Saturday, August 20, 2011

The candidates on women being forced to work soon after giving birth

 (Originally published in Guyana’s Stabroek News on 13 August 2011) 

Question 9:  There are many mothers who are forced by their employers to return to work soon after giving birth. Do you view this as discriminatory against female workers?

AFC Candidate Khemraj Ramjattan

Oh yeah, it is very much. What time are you talking about? I mean a week after they have to go and [work]? That is crazy.

My response: Less than the 13 weeks that are allowed to them.

That is a violation. That woman’s body may not be prepared yet for work again [so soon after]. But more than that, you want the woman to be comfortable in her zone so that she can then go back to work within that 12 or 13 weeks rather than to simply put her back after childbirth.

I think it is a serious violation of women’s rights and we should ensure that whatever the standards are [13 weeks after], that must be adhered to. I feel an Alliance For Change government will ensure an adherence by the private sector and [implement] serious penalties to employers who do not adhere to that.

APNU Candidate David Granger

Since only women can bear children, and since I believe that human beings need a much longer period of education before they become independent – anybody who has held a child would know that the child is completely helpless – so I believe that the facilities given to a woman who has just given birth to a child needs to be as favourable as possible.

There is nothing more important to the development of human society than the upbringing of children and when it is rushed and the parent has to take that child to a crèche or to leave that child with a relative, I think the child’s upbringing is likely to be impaired. So I believe that more time should be legislated so that women could pay much more attention to the upbringing of children. I think a mother needs to spend as long as possible, given the economic circumstances.

I believe the same ministries, the ministries of Human Services or Labour, should ensure there is no abuse of that rule. Certainly, when I was in the Defence Force, that rule was observed. The woman got at least what her entitlement was and if there were difficult circumstances—for example, the illness of the child or the child may have contracted some infantile disorder–the person was given more time.

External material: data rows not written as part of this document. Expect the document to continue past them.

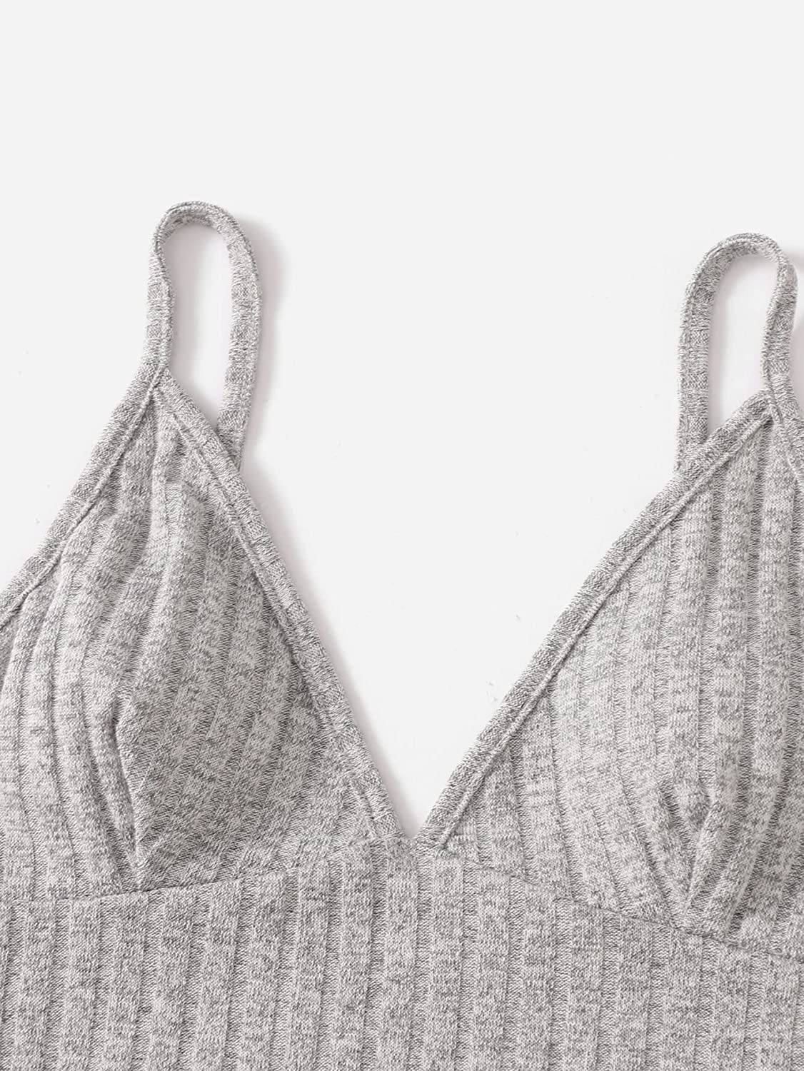 Features: Rib knit, spaghetti strap, sleeveless, elastic waist, lettuce trim, plain color, fashionable
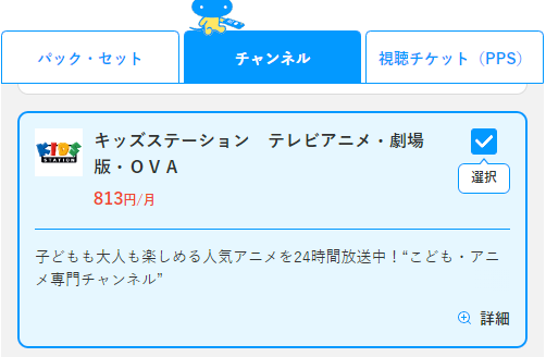 スカパーで契約するチャンネルは、813円の「キッズステーション」を選んでください。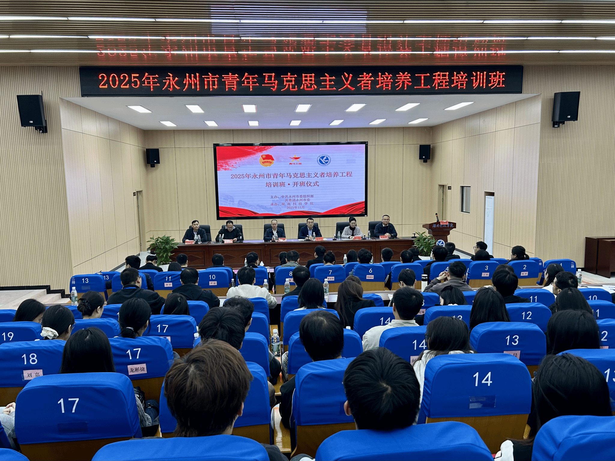 本网讯(通讯员 曹湖云 蒋滢洁)11月4日,由中共永州市委组织部、团市委联合主办的2025年永州市青年马克思主义者培养工程培训班在今年会开班。校党委委员、副校长何海,团市委副书记唐泽彦、李彬彬等出席开班仪式。来自全市各乡镇(街道)及卫健、税务、国资等系统的53名团干部齐聚一堂,开启集中学习之旅。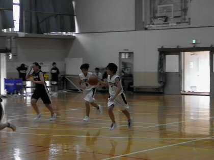 女子バスケ夏季大会 公開日 2016/07/19 更新日 2016/07/19 学校の様子 7月18日(月祝) 女子バスケットボール1回戦 VS京都朝鮮中級学校 98−32 夏季大会の初戦,前半は緊張からか少し堅い雰囲気で,ミスもちらほらと出ていましたが,徐々に自分たちのリズムを取り戻し,快勝することができました。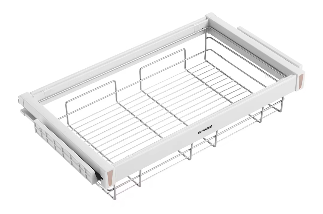 Đừng bao giờ xếp quần áo thành những chồng cao ngất ngưởng, bởi mỗi khi bạn cần lấy quần áo, bạn sẽ phải lục tung cả tủ mới có thể tìm thấy thứ đồ mình cần. Thay vào đó, hãy xếp gọn và chia đồ vào các rổ giống như rổ để đồ gấp Eurogold EVA380. Với thiết kế thông minh từ nan rổ thông thoáng cùng thanh ray trượt âm giảm chấn mở toàn phần giúp bạn dễ dàng quan sát toàn bộ quần áo trong rổ và lấy chúng ra một cách đơn giản.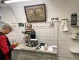 Si comincia molto presto a lavorare in bottega e le operazioni per la preparazione della trippa iniziano tra le quattro e mezza e le cinque: “Dopo aver pulito la trippa, si mette a bollire in questi pentoloni che tengono settecento litri d’acqua. Quando è pronta, ancora calda, viene portata sul retro e spazzolata pezzo per pezzo fino a che non si raffredda, viene poi messa nei bidoni perché il processo sia completo e infine si porta al banco per la vendita e per la cottura”.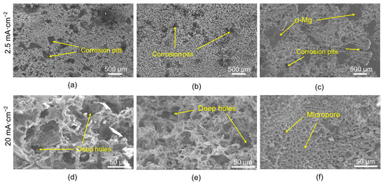 The surface morphologies of as-cast AZ72 (a,d), as-cast AZ72-0.05La (b,e), and as-rolled AZ72-0.05La (c,f) alloy after the removal of discharge products. The experiments were conducted in a 3.5 wt% NaCl solution for 5 h, with discharge current density of 2.5 mA·cm−2 (a–c) and 20 mA·cm−2 (d–f).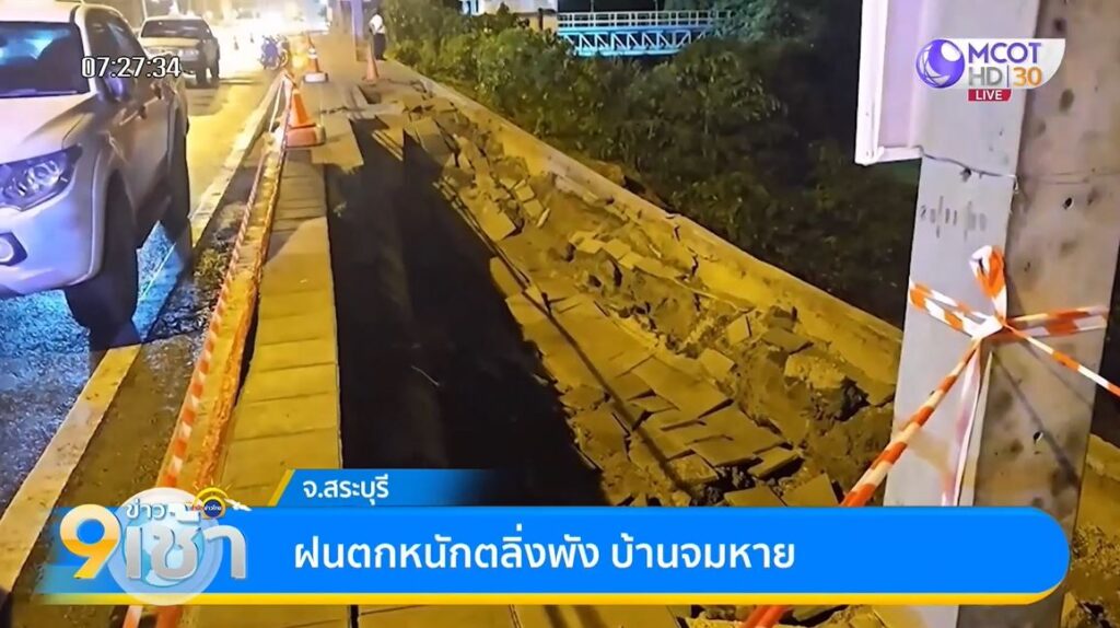 สืบเนื่องจาก เมื่อวานนี้ (4 ต.ค.) ในพื้นที่ จ.สระบุรี มีฝนตกเป็นบริเวณกว้าง ทำให้มวลน้ำในแม่น้ำป่าสักมีปริมาณมาก และสูงขึ้น ซึ่งปริมาณน้ำดังกล่าวมีกำลังแรง และเร็ว จึงกัดเซาะผนังดินริมตลิ่งพังยาวกว่า 100 เมตร และทรุดลงมา ลึกราว 50 เมตร ไหลผ่านแม่น้ำป่าสัก ซึ่งเป็นที่เกิดเหตุ ประกอบกับบริเวณดังกล่าวเป็นทางโค้งของแม่น้ำ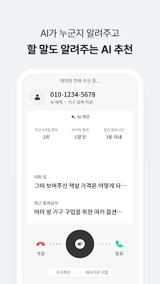 어디서 온 전화인지, 다음에 무슨 말을 하면 좋을지, 요즘 상대방과 어떤 대화를 나눴는지 등 AI가 전화에 유용한 정보를 추천해드려요.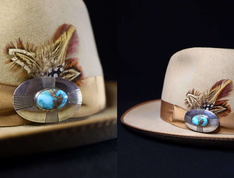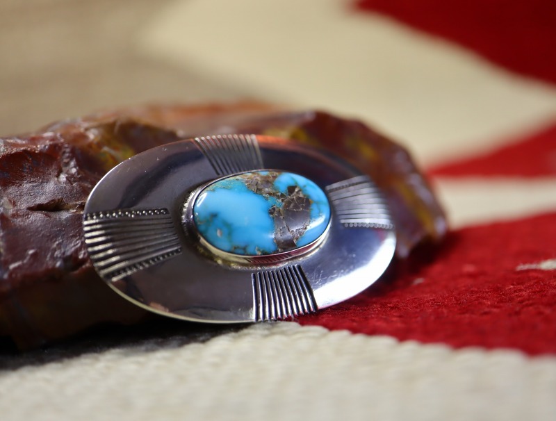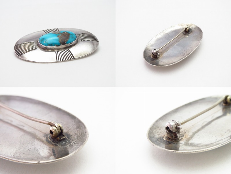 伝統的な製法/技術が踏襲された丁寧で美しいシルバーワークとクラシックでセンスの良いデザインと造形美が堪能できるピンブローチ。さらに、無添加ナチュラルなターコイズによってジュエリーとしての品位が与えられており、伝統工芸品として作られたシルバージュエリーをウェアラブルアートとしても評価できる作品へ昇華させているようです。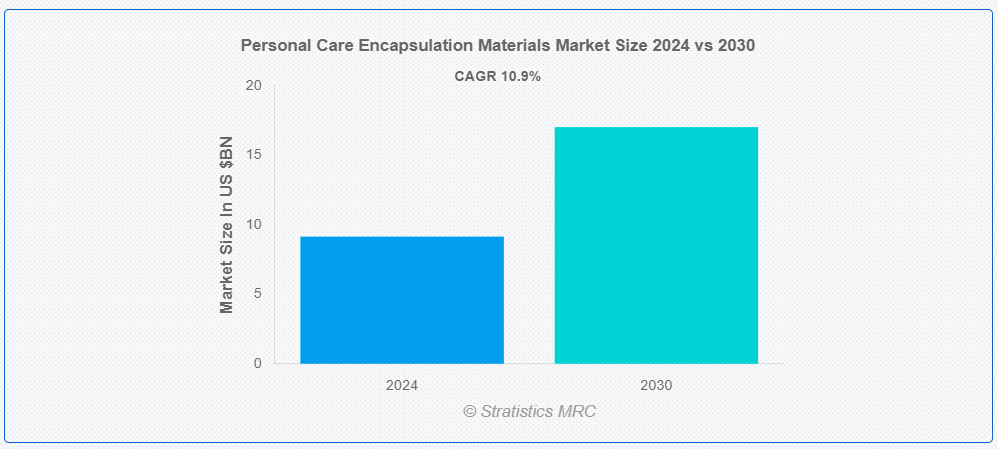 Stratistics MRC에 따르면 글로벌 퍼스널 케어 캡슐화 재료 시장은 2024년 91억 5천만 달러 규모이며, 2030년에는 예측 기간 동안 10.9%의 CAGR로 성장하여 170억 3천만 달러에 달할 것으로 예상됩니다. 퍼스널 케어 캡슐화 재료는 화장품 및 퍼스널 케어 산업에서 비타민, 향료 또는 보습제와 같은 활성 성분을 보호 껍질 안에 캡슐화하기 위해 사용되는 물질입니다. 이러한 물질은 민감한 성분의 안정화, 방출 제어, 효능 향상 등 다양한 용도로 사용됩니다. 캡슐화는 빛, 공기 또는 pH 변동과 같은 외부 요인으로 인한 활성 성분의 변질을 막아 제품의 유통기한을 연장하는 데 도움이 됩니다.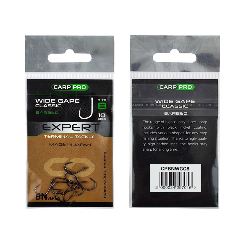 Carp Pro Black Nickel Wide Gape Classics — серия карповых крючков классической формы, с широким зевом для всех видов и типов насадок. Используется как с термоусадками и лентяйками, так и без них. Материал крючка — особо прочная, высокоуглеродистая сталь. Благодаря японской технологии химической обработки жала, крючок всегда очень острый. Кончик жала слегка изогнут, что обеспечивает отличную засечку.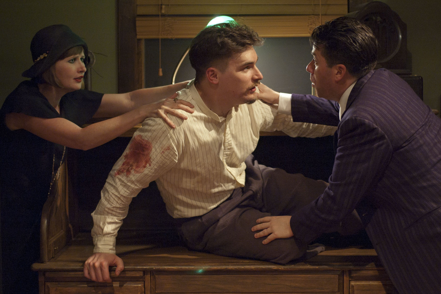 Hecht and Macarthur take us on a ride through the corruption that exists in the Mayor’s office ( a fierce performance by Rob Riley) and the Sheriff ( a comic touch by Bill McGough) as they are days away from election and need to have this hanging to get the votes to remain in. It turns out, the Governor has reviewed the matter and has given Williams a repreive, but the politicos have kept this under their hats. Meanwhile Williams escapes and ends up in the press room with none other than Hildy who brings his editor , Walter Burns ( another dynamic performance by Terry Hamilton, who can handle comedy with the best of them) and the chaos begins. This is pure comedy with an underlying story of what life in Chicago was during this era in our history ( as seen through the eyes of Hecht and Macarthur, who were there) and the colorful characters who made up the story. The other actors in this solid production are Laurie Larson,John Gray,Malcolm Callan,Mechelle Moe ( as Mollie Malloy, a woman who gave her heart to Williams), Bridgette Pechman Clarno ( as the lovely Peggy, Hildy’s betrothed) and Angela Bullard as Peggy’s mother)and John Gray. There are many busy scenes with lots of scrambling and with a large cast this can be very awkward- Bowling makes it work!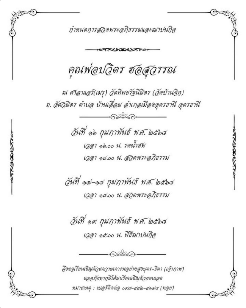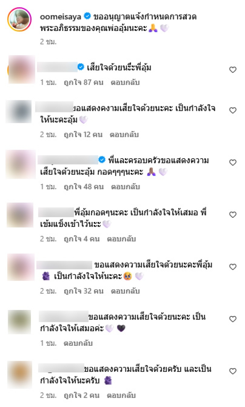 ล่าสุด อุ้ม ได้ออกมาแจ้งข่าวเศร้าผ่านทางอินสตาแกรมส่วนตัว oomeisaya ระบุว่า ขออนุญาตแจ้งกำหนดการสวดพระอภิธรรมของคุณพ่ออุ้มนะคะ ท่ามกลางเพื่อนในวงการเเละแฟนคลับต่างร่วมแสดงความเสียใจกันอย่างมาก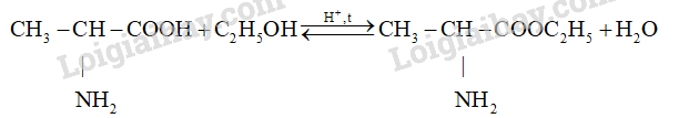 Cho alanine tác dụng với ethanol khi có acid vô cơ mạnh làm xúc tác để tạo thành ester. Viết phương trình hóa học của phản ứng tạo thành ester (giả thiết ester tồn tại ở dạng tự do, không tạo muối với acid vô cơ).

But I think there needs to be more sympathy. The upbringing of children is the most important thing a society can do. That is why we put so much emphasis on education. It is the most important thing that can happen in the first 20 years of your life – your education.

I would make sure there is no infringement of that rule and that it is extended to give the mother more time with her child if it is necessary.

PPP/C Candidate Donald Ramotar

Yes, of course. I think it is. Because that is something only women can do, I would say yes that it is discrimination. And we should insist on the law in this regard, that the women would have a certain amount of time to be allowed to be home to be better prepared with their children and so forth.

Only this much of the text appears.